Пфффф! Только что ты мог шикануть на эту сумму в ресторане, а на следующий день тебе за это пирожок на автовокзале продадут. С картошкой. Потому что на беляш уже не хватит.

Утрирую, но не особо.

Я так-то знал, что будет примерно так. Но все равно периодически офигеваю от экономической «шоковой терапии». Но самое странное было другое. Мое нынешнее окружение, все эти рокеры, тусовщики и прочие неформалы, адаптировались к стремительно меняющемуся миру с пугающей легкостью. Старшее поколение, с которым я тоже общался, обычно сетовало, что вся эта молодежь просто ничего не замечает, потому что они бездельники, живут на всем готовом и совершенно не замечают, как пурхаются их родители, чтобы патлатым сыночкам и доченькам беззаботно жилось. Но я-то знал, что они все замечали. Просто эти перемены были для них чем-то… нормальным. Они меняются, мир меняется. И все они вместе двигаются в какой-то немыслимой хаотичной гармонии.

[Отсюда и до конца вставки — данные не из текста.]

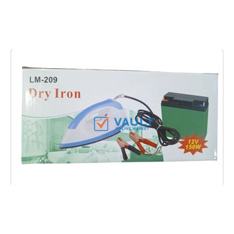 • Solar energy 12v Dc Electric dry iron.Dry use only.Voltage:Dc 12Max. watt:150wMax. current: 12.5AMax. temperature:150°C Automatic temperature control system Can work with car battery duration time:If working with 100ah battery can be used for 7hours With 3meters copper cable and clampsBattery not included
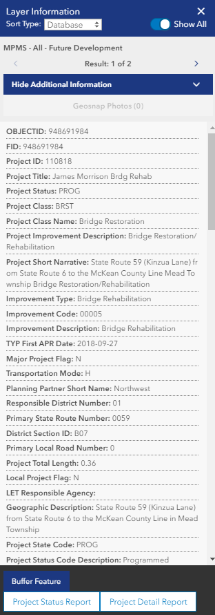 Note: When you click a access the Photo layer, the Layer information window will include images , if available.

Я смотрел, как Наташа ловко забралась на стремянку в обнимку с тюком белых тряпок. Как-то унять этот ураган энергии я не пытался, да и зачем? Сегодняшняя вечеринка в «Фазенде» у нас проходила под знаком постельного белья. И по этому поводу на всех стенах бывшего овощехранилища нашей самке богомола втемяшилось развесить всякие наволочки, пододеяльники и простыни. Безумное количество которых она отмутила у Колямбы, который, в свою очередь, прибрал их к рукам на каком-то складе какой-то больницы. Колямба в этом смысле был человеком конкретным: видел что-то лежит бесплатное и никому не нужное — подгонял грузовик и запасливо тащил это самое бесплатное к себе на склад. Кстати, сами его склады в разных районах города и его пригородов тоже были тем самым «бесплатным и ненужным», которое Колямба заботливо прибрал до нужного случая.

«Запасливый человек Колямба», — думал я, глядя как Наташа прищепывает очередную наволочку на бельевую веревку. «Фазенда» сегодня была похожа на прачечную или что-то подобное.

— Вееелиал, раз уж ты стоишь без дела, притащи от входа коробку с красками, — сказала из-под потолка Наташа.

— Есть, босс, — отрапортовал я и бодро направился за коробкой с красками. Насчет красок я Наташу, кстати, все-таки переспорил. Она сначала хотела взять масляные, такие, которыми стены красят. Идея была примерно такой же, как с рисованием на обоях. Но я мысленно представил себе, как наша подогретая максовскими коктейлями публика возьмется раззадоренно размахивать кисточками направо и налево. И одежду, в которой она придет, после этой вечеринки можно будет только выкинуть. Так что эту идею я забаллотировал, и нашей добычей стала гуашь и акварельные. Их хотя бы можно потом отстирать.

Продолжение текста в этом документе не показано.